Exercise requirements →
Leave out the pictures, and quote exactly the lines running from the one with "2. Voorruit Gebruikssporen - Aanvaardbaar" through the last line of the entries below.

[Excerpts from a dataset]
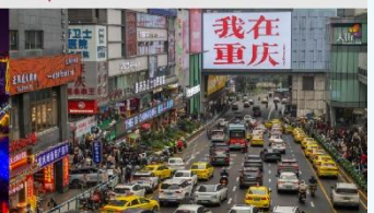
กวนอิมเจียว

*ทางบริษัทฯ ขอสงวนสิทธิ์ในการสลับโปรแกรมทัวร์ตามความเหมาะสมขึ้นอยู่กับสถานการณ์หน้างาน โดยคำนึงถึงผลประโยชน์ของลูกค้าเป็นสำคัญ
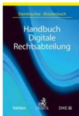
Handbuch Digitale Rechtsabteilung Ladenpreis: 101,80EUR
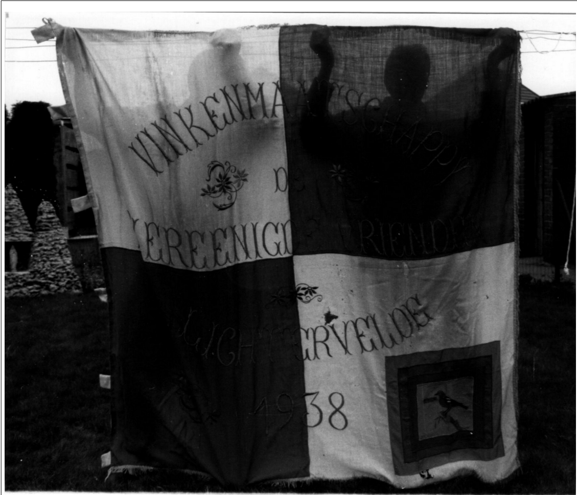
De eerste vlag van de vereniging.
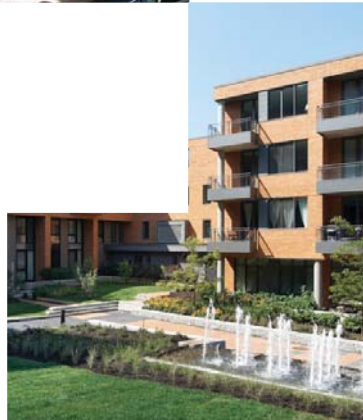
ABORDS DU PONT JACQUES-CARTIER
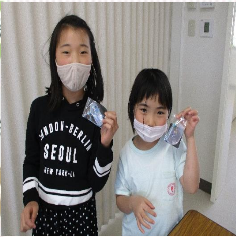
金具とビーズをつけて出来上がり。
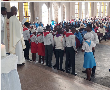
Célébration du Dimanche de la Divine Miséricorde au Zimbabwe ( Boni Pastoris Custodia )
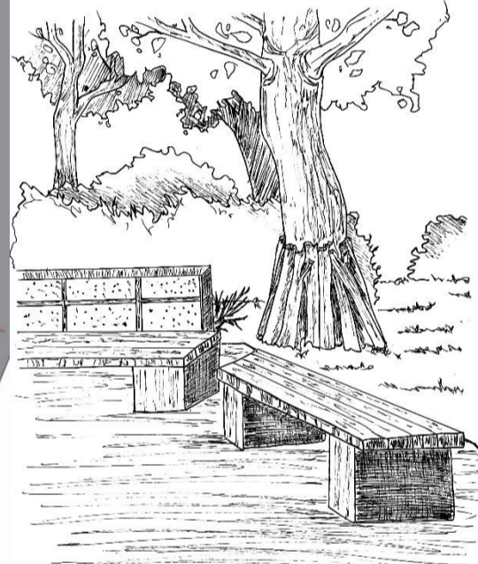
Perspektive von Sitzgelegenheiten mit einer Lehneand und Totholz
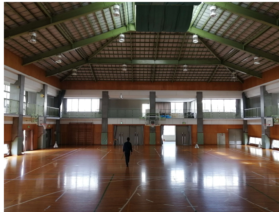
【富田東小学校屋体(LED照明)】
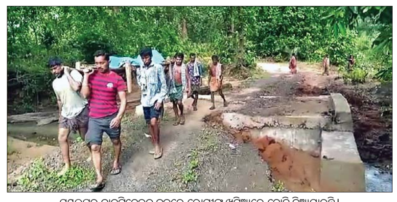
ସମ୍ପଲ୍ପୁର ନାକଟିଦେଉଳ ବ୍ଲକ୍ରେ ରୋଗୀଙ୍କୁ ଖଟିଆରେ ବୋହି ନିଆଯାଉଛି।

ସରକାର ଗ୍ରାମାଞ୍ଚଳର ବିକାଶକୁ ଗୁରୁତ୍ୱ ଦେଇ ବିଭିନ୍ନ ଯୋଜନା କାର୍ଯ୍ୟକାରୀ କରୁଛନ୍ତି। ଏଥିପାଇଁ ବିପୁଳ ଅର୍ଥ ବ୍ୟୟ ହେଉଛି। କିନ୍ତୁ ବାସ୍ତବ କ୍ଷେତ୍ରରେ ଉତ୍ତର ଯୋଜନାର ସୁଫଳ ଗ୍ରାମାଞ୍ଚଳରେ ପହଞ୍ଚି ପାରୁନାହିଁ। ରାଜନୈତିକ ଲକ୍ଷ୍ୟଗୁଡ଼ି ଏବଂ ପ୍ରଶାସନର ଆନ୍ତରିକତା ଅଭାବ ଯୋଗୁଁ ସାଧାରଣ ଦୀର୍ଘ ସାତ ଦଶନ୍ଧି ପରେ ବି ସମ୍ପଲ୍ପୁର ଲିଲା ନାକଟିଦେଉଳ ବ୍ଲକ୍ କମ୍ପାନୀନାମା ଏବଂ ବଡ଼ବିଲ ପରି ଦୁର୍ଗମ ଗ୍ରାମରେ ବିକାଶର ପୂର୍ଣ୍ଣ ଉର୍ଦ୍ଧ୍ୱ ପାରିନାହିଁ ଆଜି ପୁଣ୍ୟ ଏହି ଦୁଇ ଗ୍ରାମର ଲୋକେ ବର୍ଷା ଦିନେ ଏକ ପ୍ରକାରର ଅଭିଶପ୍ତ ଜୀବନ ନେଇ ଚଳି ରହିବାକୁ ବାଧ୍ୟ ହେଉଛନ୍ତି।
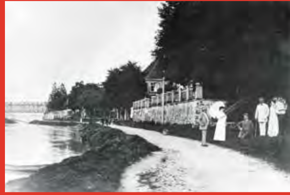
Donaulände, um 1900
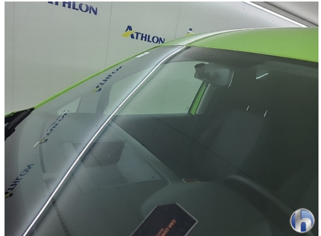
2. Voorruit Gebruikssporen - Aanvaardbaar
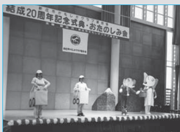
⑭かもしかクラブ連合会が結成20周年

Solution to this exercise →
2. Voorruit Gebruikssporen - Aanvaardbaar
⑭かもしかクラブ連合会が結成20周年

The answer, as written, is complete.